You drank the expired grape juice because you were convinced it had fermented into wine...you have a problem.
i had to wake up at 4 am to do my laundry because I was afraid if I saw people in the laundry room they would judge me by the amount of clothes I had covered in vomit from syllabus week
You're not required to sleep with every guy that spends $10 on you.
I cannot believe he got soft mid fuck. I just hope he bought that horrible impression you did of my dad. I love you though, you came in clutch tonight.

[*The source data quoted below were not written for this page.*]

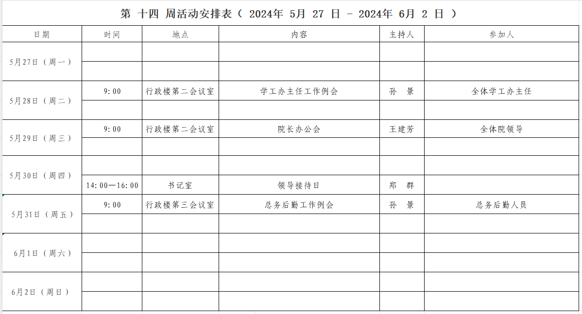 第 十四 周活动安排表( 2024年 5 月 27 日 - 2024年 6 月 2 日 )
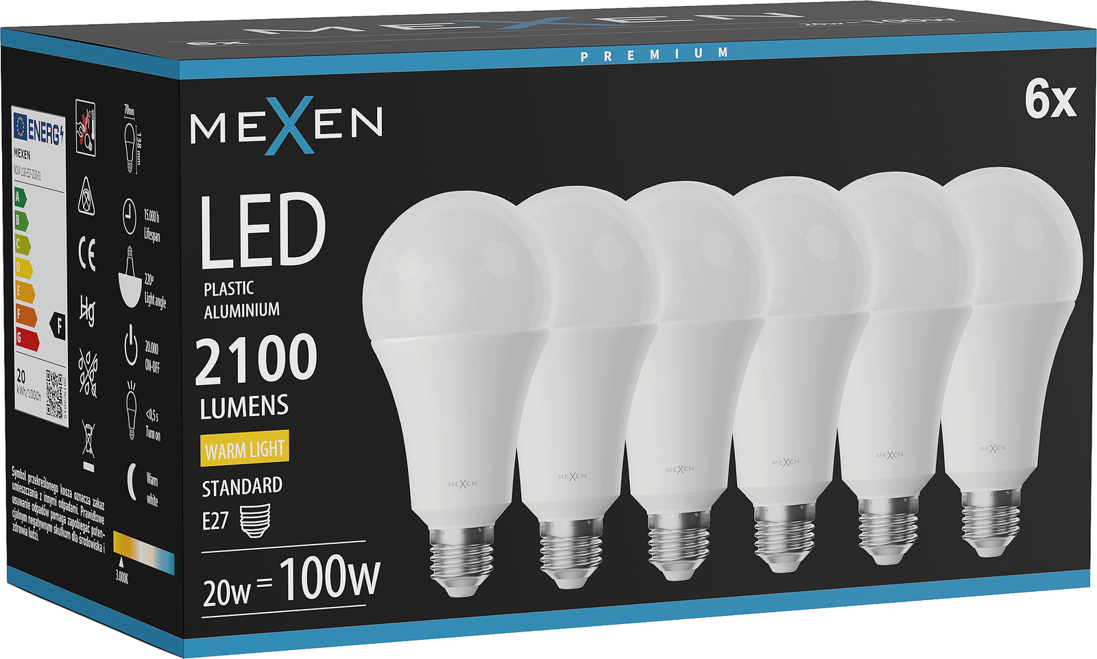 Mexen Nova 6x LED izzó E27, A70, 20W, Meleg - 3000K, 2100 lm - L100-E27-2030-01x06
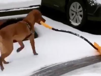 美国麻省拉布拉多犬“亲口”帮主人铲雪 网民大赞感自愧不如视...
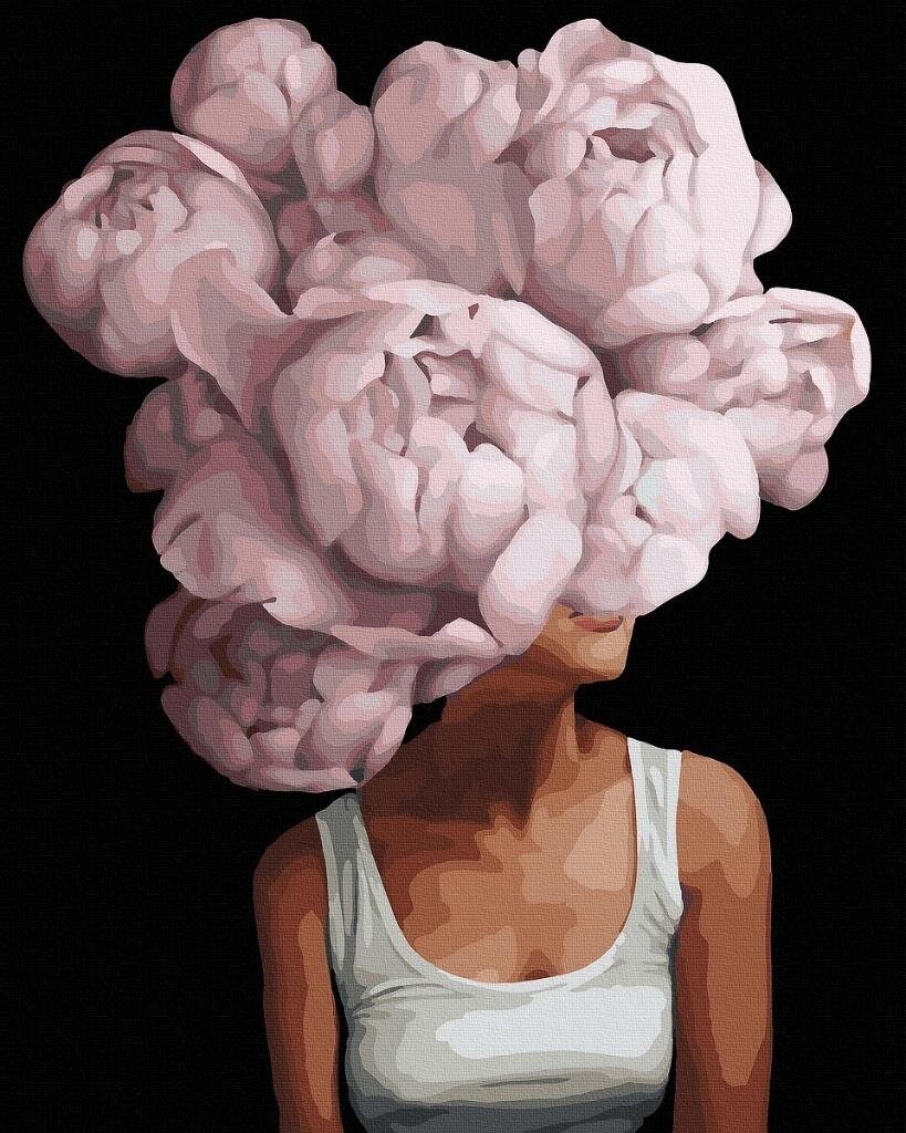 Kobieta z bukietem gigantycznych róż zamiast głowy. Obraz pełen lekkości, humoru i surrealizmu idealny do nowoczesnych wnętrz.
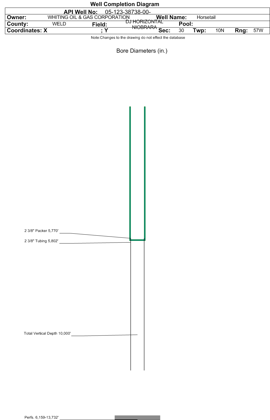 | | Perforation Data: | | Interval Top: | 6159 ft. | # Of Holes: | 1440 | | Interval Bottom: | 13732 ft. | Hole Size: | 0.375 in. |
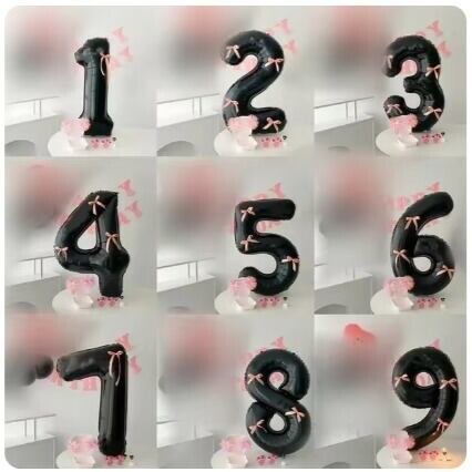 40インチ バルーン 数字 ブラック リボン 誕生日 月齢 出産 お店 周年 結婚式 祝い 装飾 フォト おしゃれ かわいい 大きい 大人 女の子

It was the least I could do after throwing up in your purse.
Want to come over and play therapist and then fuck all the emotion away?
michael burned off one of his eyebrows making a pizza so he had to shave off the other one to make it look even. it doesn't look right, but I'd still bang him.
I just want him to come back from NOLA alive, without an arrest record or stripper glitter on his clothes...
Those seems like unreasonable expectations for a bachelor party honestly...
A homeless guy wouldnt accept my granola bar because he didnt have any teeth. I think i win the prize for the ultimate rejection
My jeans are ripped and her glitter was all over me.. My walk of shame looked like I fucked a unicorn last night
I feel like I spent all day wearing underpants made entirely of poison ivy and sandpaper
he probably thinks i inited him over to have sex but really i just want to show him 90's music videos
it was a hallmark card with butt plugs.
My conscious state is steadily increasing towards drunkenness.
woke up with a tree in my apartment. also the everclear bottle is suspiciously low
suspiciously? i think one of those explains the other
27 year olds can still do oral in a car right? Or is that trashy?